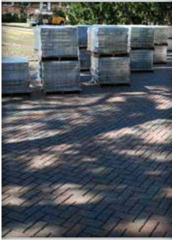
Figure 2. Bundles of ready-to-install pavers for setting by mechanical equipment. Bundles are often called cubes of pavers.

sand stabilization materials. ICPI Tech Spec 11–Mechanical Installation of Interlocking Concrete Pavements (ICPI 2015) should be consulted for additional information on design and construction with this paving method. Other references include American Society for Testing and Materials or the Canadian Standards Association for the concrete pavers, sands, and joint stabilization materials, if specified. Placement of the base, drainage and related
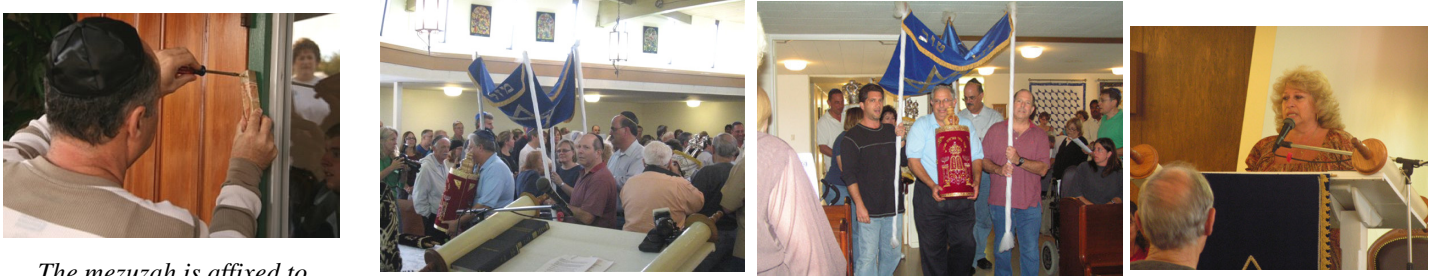
The mezuzah is affixed to the doorpost
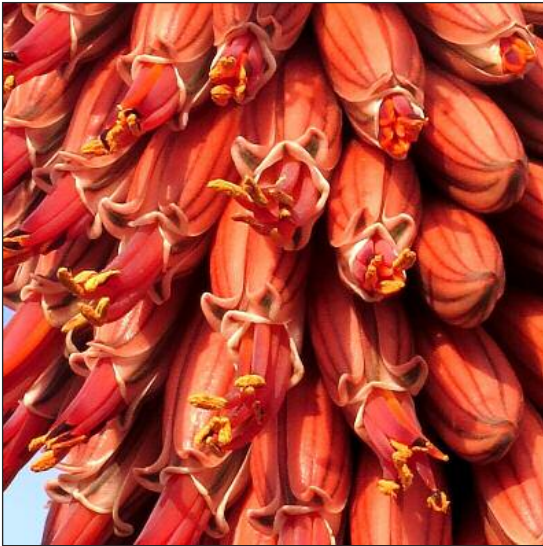
Figure 4. Orange-red flowers of Aloe candelabrum , with prominent white flared tepal apices, Ashburton, KwaZulu-Natal province.
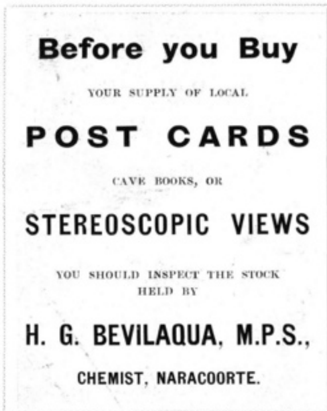
Figure 7. Advertisement from State Tourist Bureau booklet, 1909/1910, The Naracoorte Caves: "How to reach them" . From page 30 (top) and 28 (bottom).
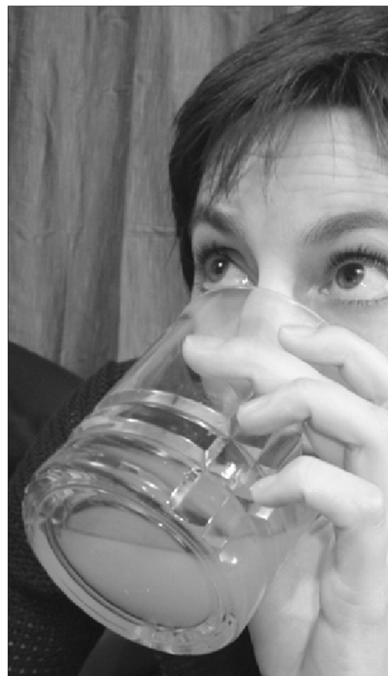
"Organic Boxed Chicken Stock" by Amy Tobin might
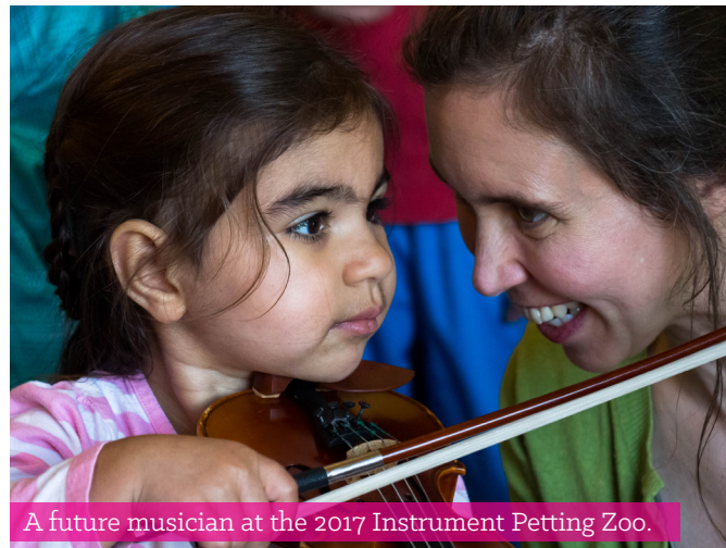
A future musician at the 2017 Instrument Petting Zoo.
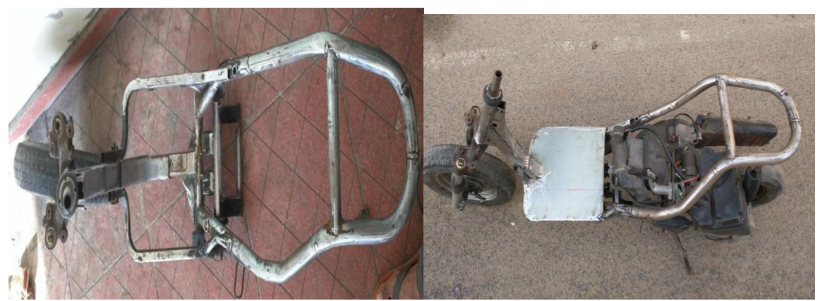
Figure 2.1 Frame without engine

The frame is, in an effort to both minimize weight and manufacturing complexity, a stepthrough frame. This frame allows for simple load transfer, and the frame is to be made of stream line design, allowing for minimal manufacturing time, and allowing for the use of automated manufacturing techniques. This design has been used successfully in commercial vehicles, which is the strongest configuration between the front wheel assembly and the frame.
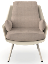
Anou Sofa Nacar Mud 07062
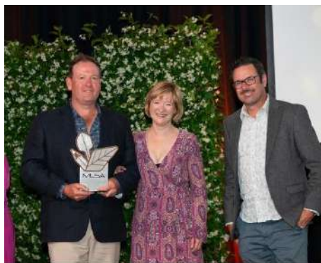
JUDGES' CHOICE AWARD HILLS CLASSIC GARDENS WELLSWOOD COTTAGE WINNER 2022 AWARDS OF Excellence
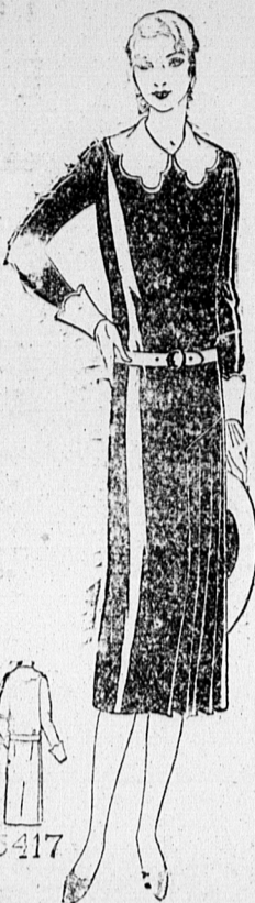
Smart simplicity for the college miss is this rust-red wool jersey
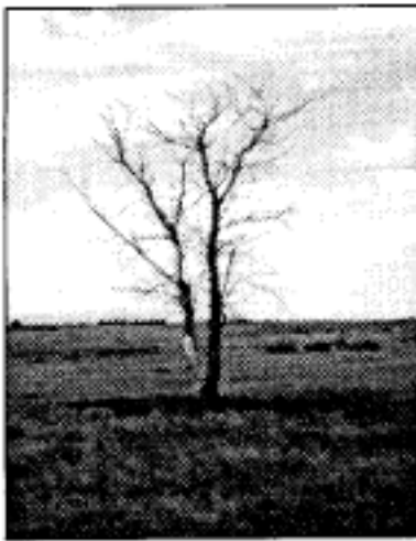
Figure 10. Sand Creek Tree nest tree used in 1997 and 1999, 31 July 2000. Tree died in 2000
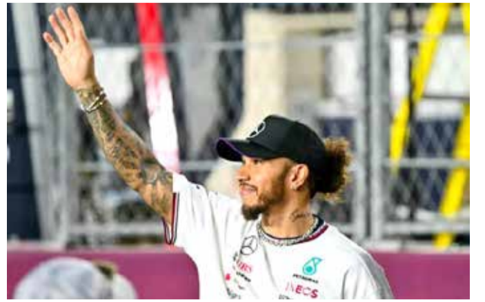
Lewis Hamilton waves to fans (file photo)
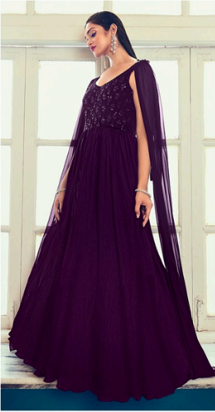
CODE + 4961
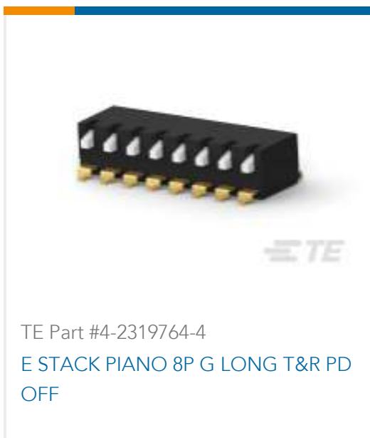
TE Part #4-2319764-4 E STACK PIANO 8P G LONG T&R PD OFF
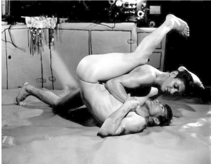
Figure 1: Still from Making of a Monster , Courtesy Bob Mizer Foundation.

Mizer's series of Frankenstein films were shot on markedly similar sets, sometimes identical. Most of the films contained at least some form of electrical machine (often with a climbing high voltage arc), a gurney or laboratory table, makeshift cabinets that on close inspection had drawn-on hinges and doors, and a mat on the floor for wrestling.
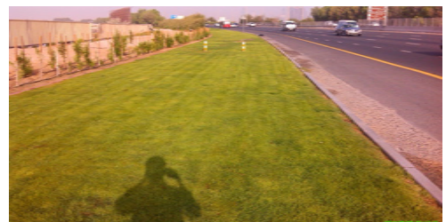
ETA Dewa-Ras Al Khour
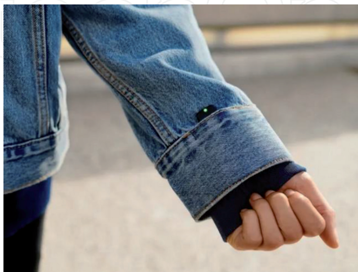
Figure 6. Smart denim jacket.

Intexar is engineered and tested to perform as designed each and every time, with durability to outlast any alternative and offer unmatched comfort with its seamless stretchability. Intexar also offers a powered heating solution in a thin and safe application. The battery-operated technology enables clothing to generate heat, creating actively controlled on-body warming. This technology is particularly well-suited for outdoor activity and industry professionals within the utility,
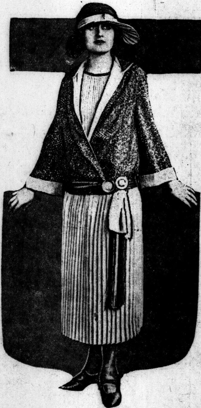
A smart two-piece affair from Paris. The jacket has bell sleeves and the skirt is of tan Canton crepe knife pleated.
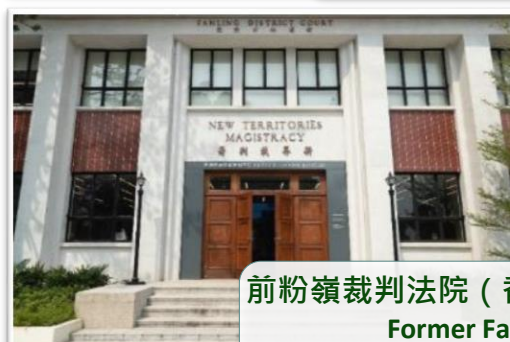
前粉嶺裁判法院 (香港青年協會領袖學院) Former Fanling Magistracy (The HKFYG Leadership Institute)
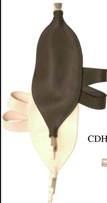
CDHUCB – Urine Collection Bag (black or white)
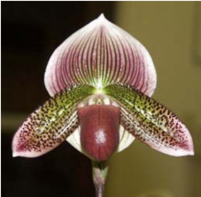
Paph (Canticle x Macabre) 'Jamboree Giant' AM
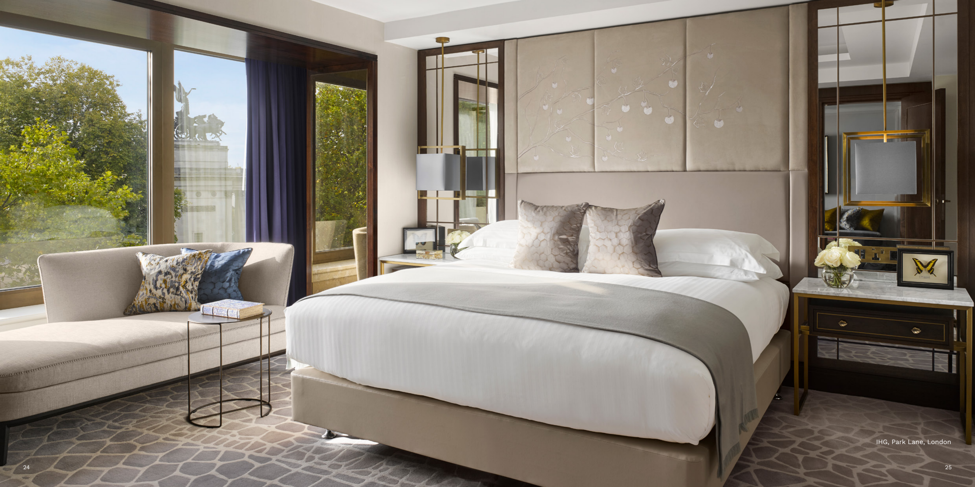
IHG, Park Lane, London
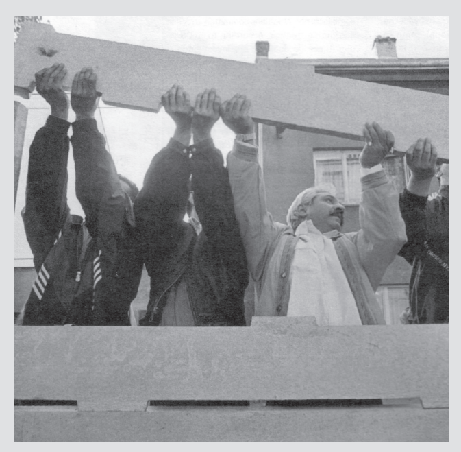
III. 14 In Czech Usti Nad Labem the major had a 65 m long and 1.8 m high wall erected between the houses of Roma and non-Roma in October, 1999; the picture shows the dismantling of the wall in the same month, because of international protest.
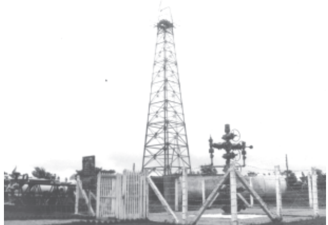
Well No 2 in Oil and Natural Gas Field in Nyaungdon Township.

When defeated in the war, they also destroyed the oil fields of
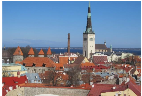
St. Nicholas Church

Return to Old Town for a walking tour (approx. 1.5hrs) that includes Lower Town, Gothic Town Hall, St. Nicholas Church, Museum of Medieval Art and the Pharmacy which has been opened since the early 15 th century!
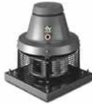
Tiracamino Fire Smoke Extraction Fan

We have a number of ventilation fans used in offices.
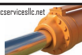
All Types of Cylinders
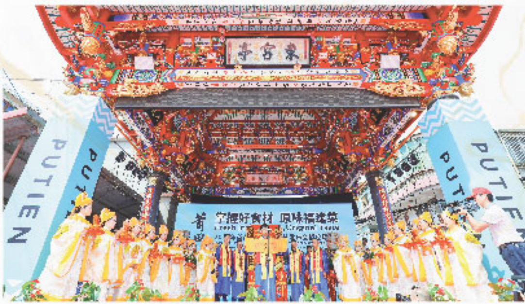
依古礼, 圣水祭祀祈福大典 Performing the "holy water" ritual In accordance with ancient times.
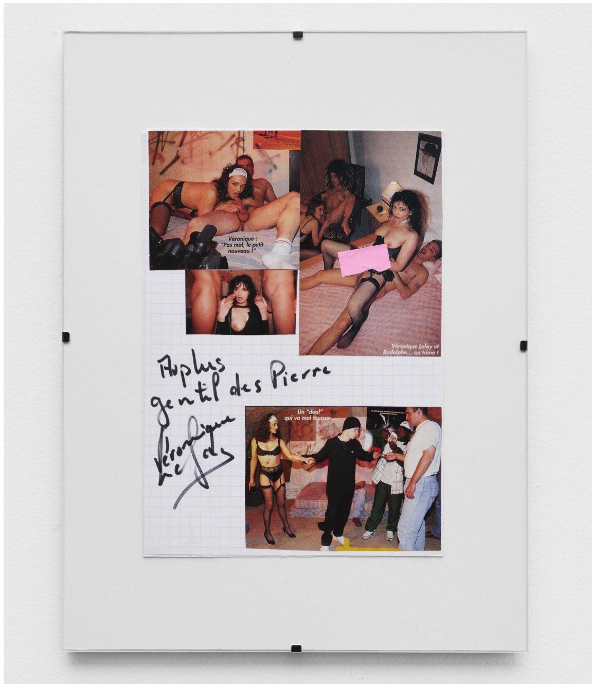
Autograph, Véronique Lefay 3

signature on press cut, on Bristol paper mounted on rag board under glass 12 x 9 inch 30 x 23 cm 1993
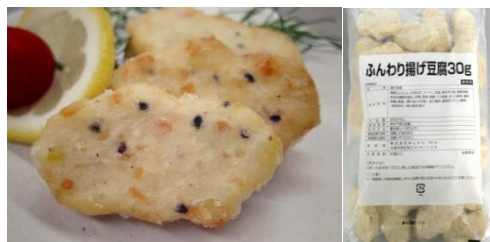
TOFU & FISH Nuggets ふんわり揚げ豆腐

Healthy side dishes mainly made of Tofu.
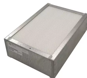
Ulpa filter U16, size 337 x 230 x 100 mm Product No.: 100350005
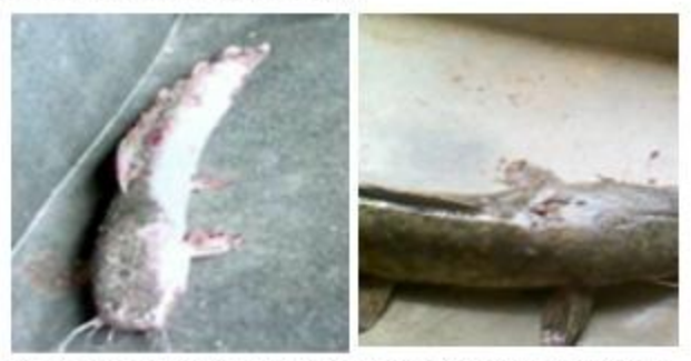
PLATES I and II: C. gariepinus that are infected with A. hydrophila. Haemorrhages and ulceration are pronounced.

Results are presented as means with standard deviations. All data collected were subjected to analysis of variance (ANOVA). Variant means were separated using Duncan Multiple range test. Mean differences with p<0.05 were considered statistically significant.

◆ ABOUT THIS EXERCISE ◆
Extract the part of the records that opens with the line containing "ETA Dewa-Ras Al Khour" and closes with the line containing "Figure 6. Smart denim jacket.". Take only those lines, exactly, and no pictures.

◆ WRITTEN ANSWER ◆
ETA Dewa-Ras Al Khour
Figure 6. Smart denim jacket.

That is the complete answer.